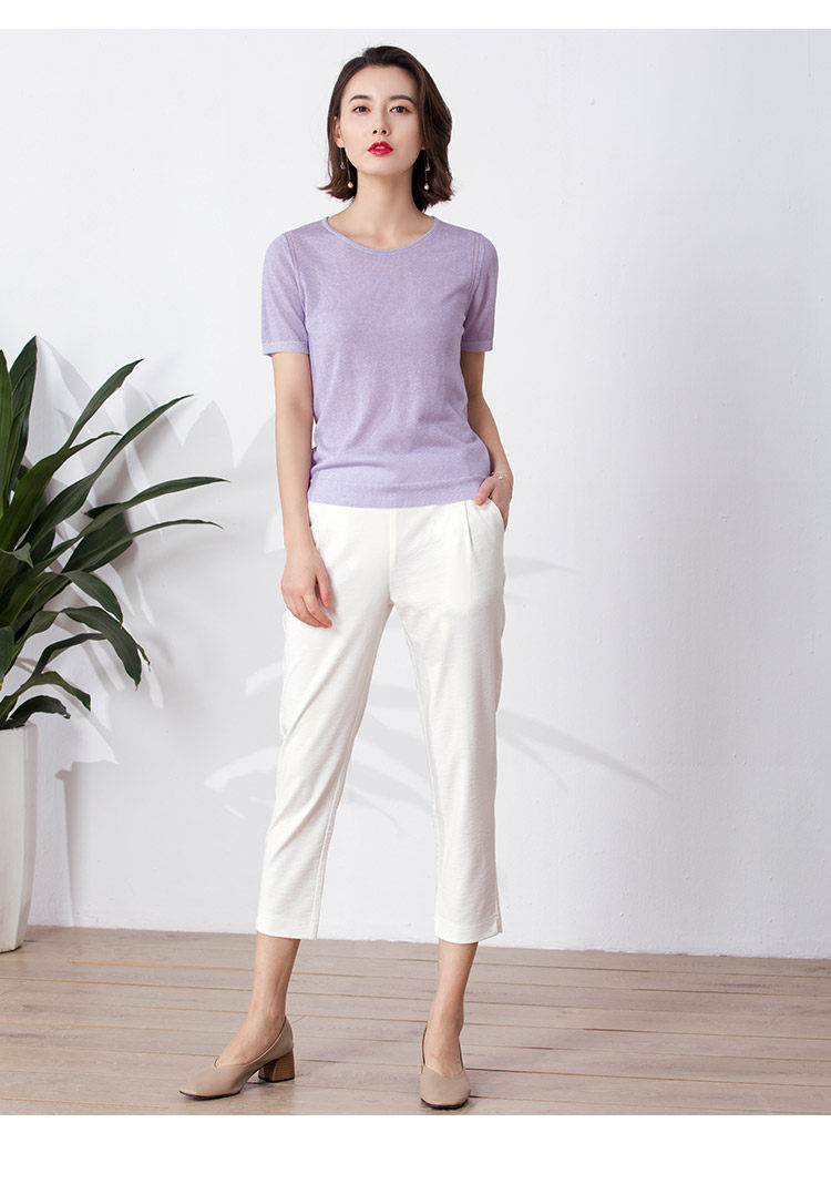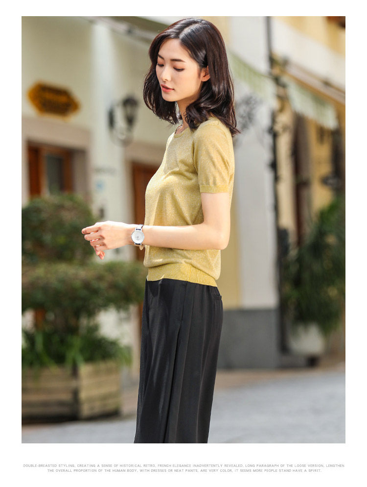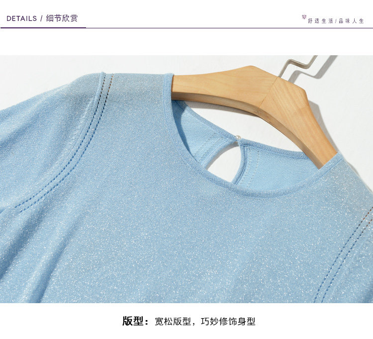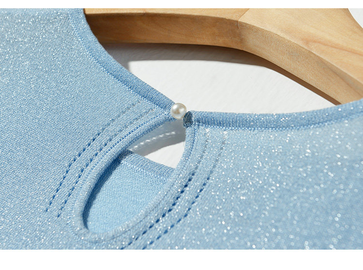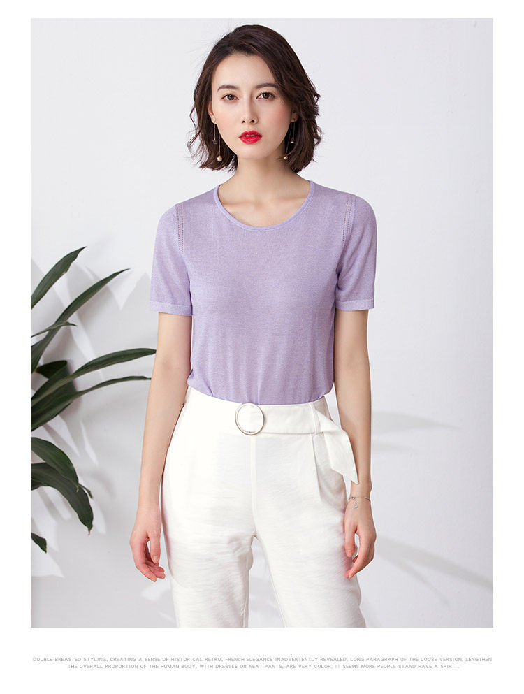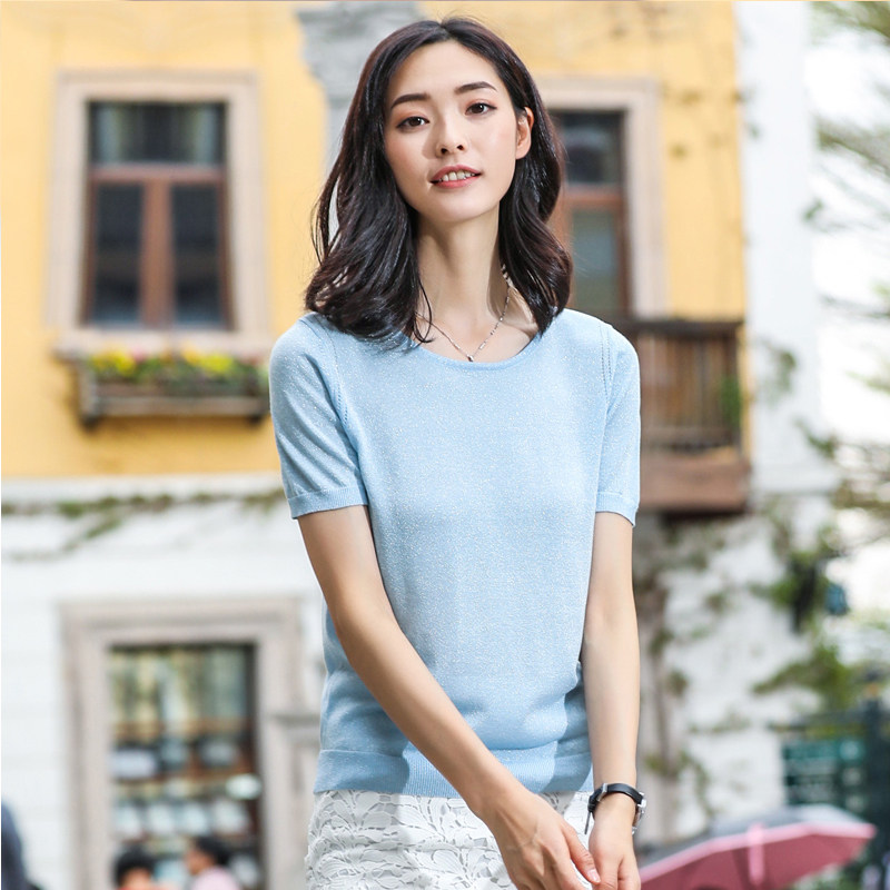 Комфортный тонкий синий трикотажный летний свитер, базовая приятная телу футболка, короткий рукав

* * *

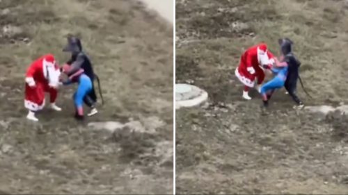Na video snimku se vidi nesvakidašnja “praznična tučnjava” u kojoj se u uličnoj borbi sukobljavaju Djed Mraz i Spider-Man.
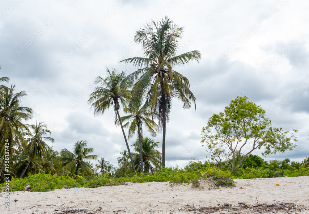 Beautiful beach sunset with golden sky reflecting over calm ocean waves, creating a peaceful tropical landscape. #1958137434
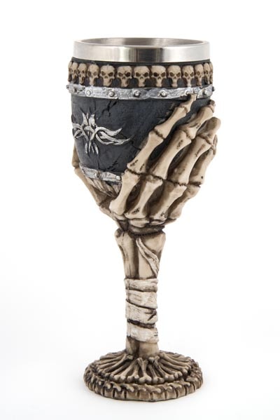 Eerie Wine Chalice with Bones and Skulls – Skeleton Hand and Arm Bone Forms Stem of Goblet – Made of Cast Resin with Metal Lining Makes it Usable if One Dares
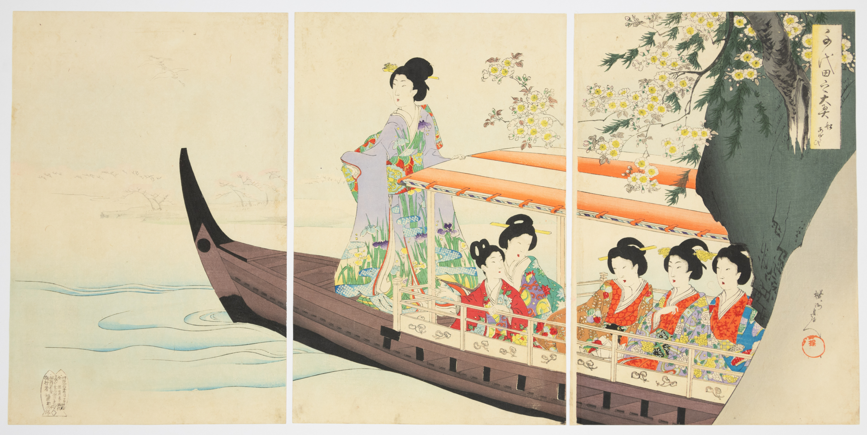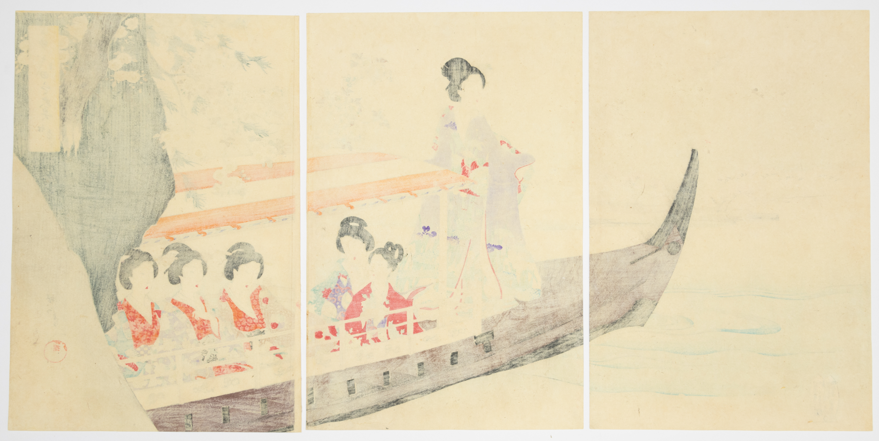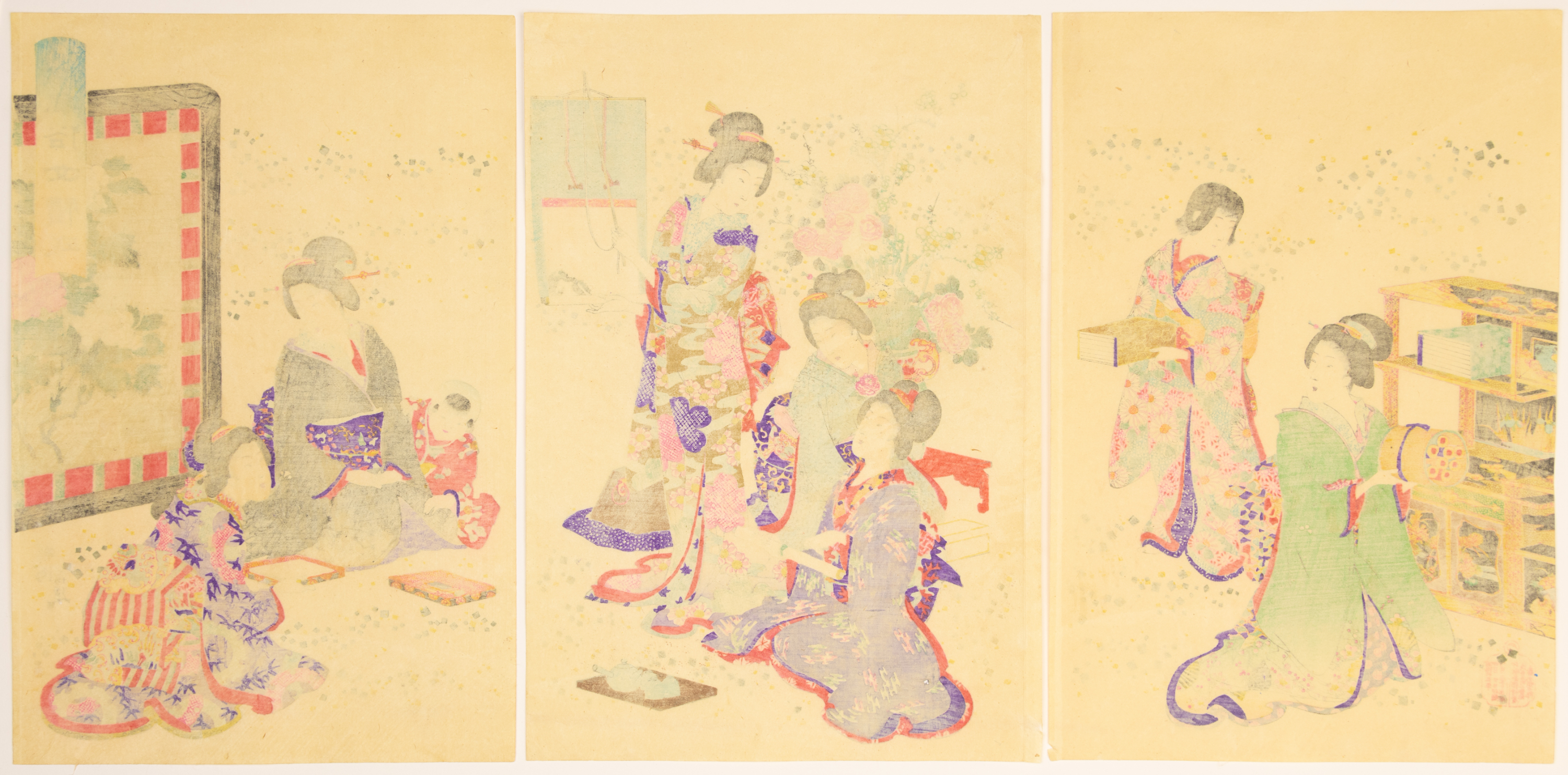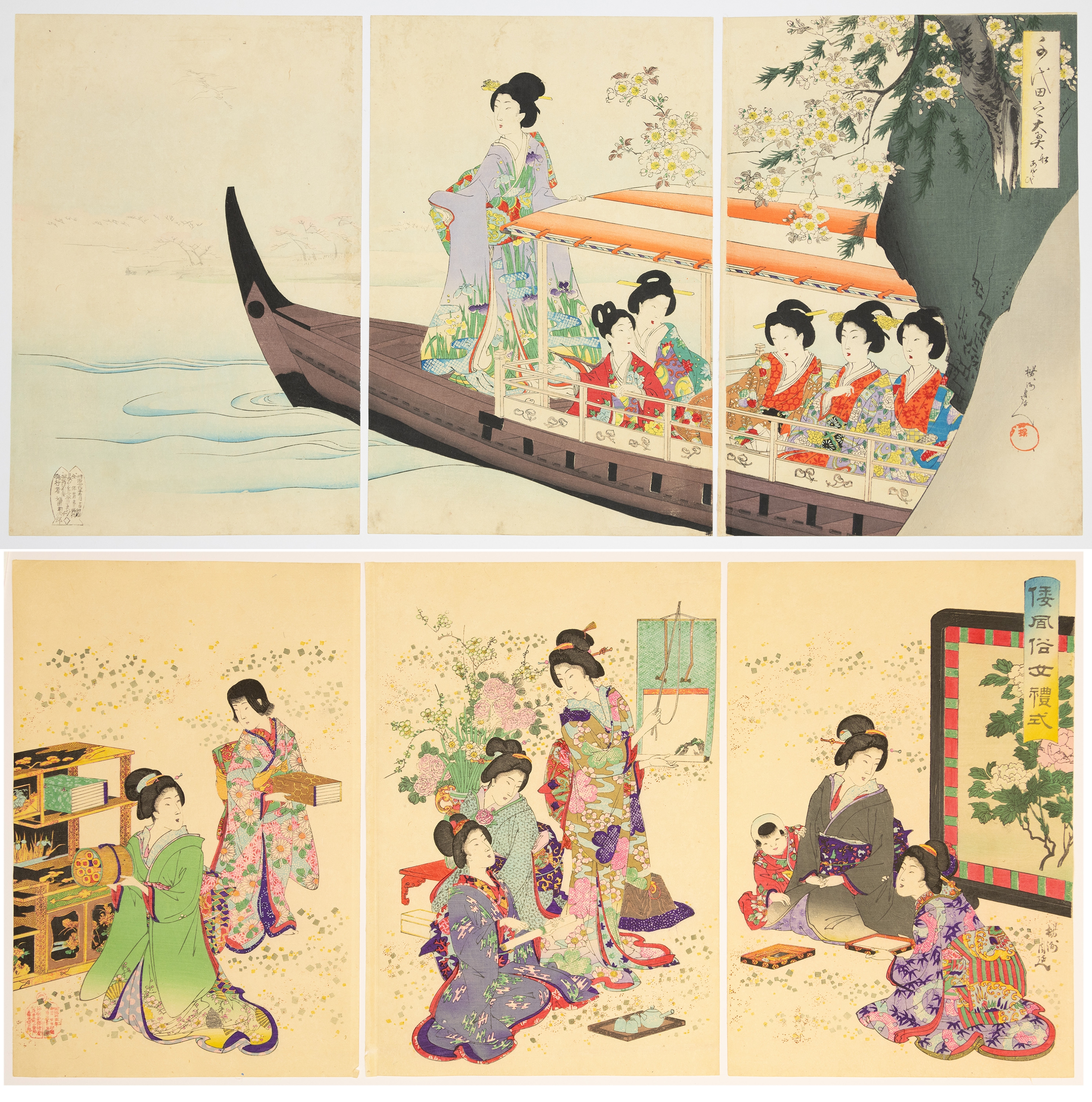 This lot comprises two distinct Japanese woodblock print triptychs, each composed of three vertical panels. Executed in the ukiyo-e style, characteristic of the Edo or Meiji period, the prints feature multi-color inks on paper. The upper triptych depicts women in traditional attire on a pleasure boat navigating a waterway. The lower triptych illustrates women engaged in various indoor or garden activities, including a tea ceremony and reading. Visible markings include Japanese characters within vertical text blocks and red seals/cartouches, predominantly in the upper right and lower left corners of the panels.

--

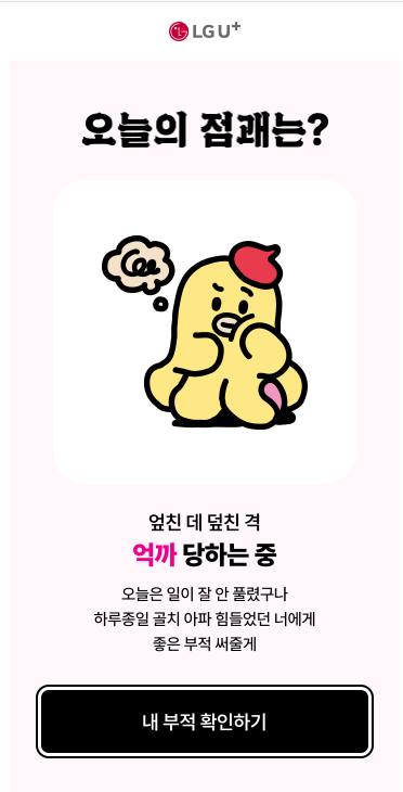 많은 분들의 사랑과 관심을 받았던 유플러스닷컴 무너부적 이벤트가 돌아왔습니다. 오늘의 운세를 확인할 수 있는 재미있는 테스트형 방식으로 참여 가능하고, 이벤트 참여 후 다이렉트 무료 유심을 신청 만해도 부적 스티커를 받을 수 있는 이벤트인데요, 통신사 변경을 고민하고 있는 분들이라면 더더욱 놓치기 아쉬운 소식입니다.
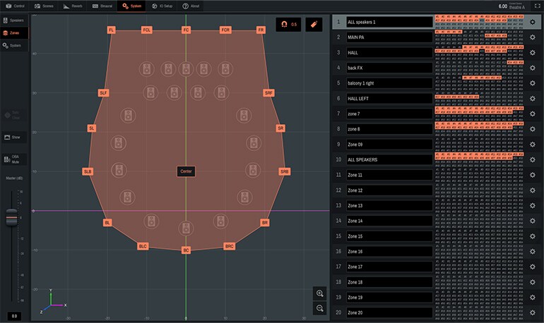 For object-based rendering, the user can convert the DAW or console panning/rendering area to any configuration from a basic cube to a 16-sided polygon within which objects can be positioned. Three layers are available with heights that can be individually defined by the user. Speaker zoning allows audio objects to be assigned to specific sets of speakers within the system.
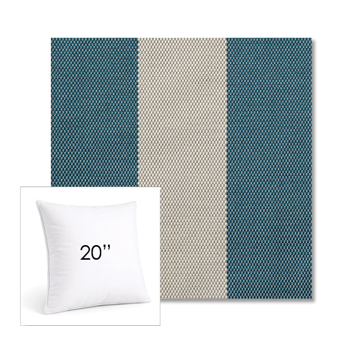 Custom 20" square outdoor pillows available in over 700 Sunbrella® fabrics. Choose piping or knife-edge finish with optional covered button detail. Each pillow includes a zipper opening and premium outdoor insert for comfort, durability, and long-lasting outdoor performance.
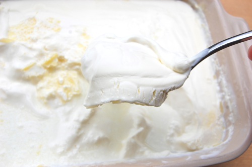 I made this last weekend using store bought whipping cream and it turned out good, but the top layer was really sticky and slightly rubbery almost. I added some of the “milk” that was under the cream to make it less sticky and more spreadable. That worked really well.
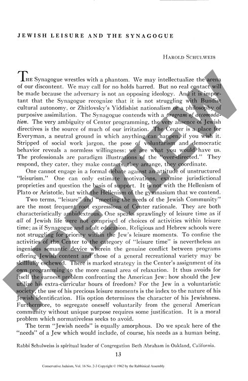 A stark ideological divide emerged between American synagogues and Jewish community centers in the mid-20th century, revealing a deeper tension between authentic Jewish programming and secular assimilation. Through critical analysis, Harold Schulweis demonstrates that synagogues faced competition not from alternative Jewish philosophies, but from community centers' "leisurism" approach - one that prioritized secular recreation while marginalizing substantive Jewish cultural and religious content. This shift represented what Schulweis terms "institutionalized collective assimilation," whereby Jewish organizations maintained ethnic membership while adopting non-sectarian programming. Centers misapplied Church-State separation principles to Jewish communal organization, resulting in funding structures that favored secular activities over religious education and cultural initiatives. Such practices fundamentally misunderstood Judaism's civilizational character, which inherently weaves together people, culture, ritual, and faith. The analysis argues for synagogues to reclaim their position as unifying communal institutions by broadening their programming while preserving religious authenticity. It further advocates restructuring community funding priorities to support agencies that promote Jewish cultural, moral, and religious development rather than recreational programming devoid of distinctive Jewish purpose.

(WHAT NEEDS TO BE DONE): Every line above from the one with "For object-based rendering, the" down to the one with "long-lasting outdoor performance." must be written out exactly, and no picture may appear.

(EXERCISE OUTPUT):
 For object-based rendering, the user can convert the DAW or console panning/rendering area to any configuration from a basic cube to a 16-sided polygon within which objects can be positioned. Three layers are available with heights that can be individually defined by the user. Speaker zoning allows audio objects to be assigned to specific sets of speakers within the system.
 Custom 20" square outdoor pillows available in over 700 Sunbrella® fabrics. Choose piping or knife-edge finish with optional covered button detail. Each pillow includes a zipper opening and premium outdoor insert for comfort, durability, and long-lasting outdoor performance.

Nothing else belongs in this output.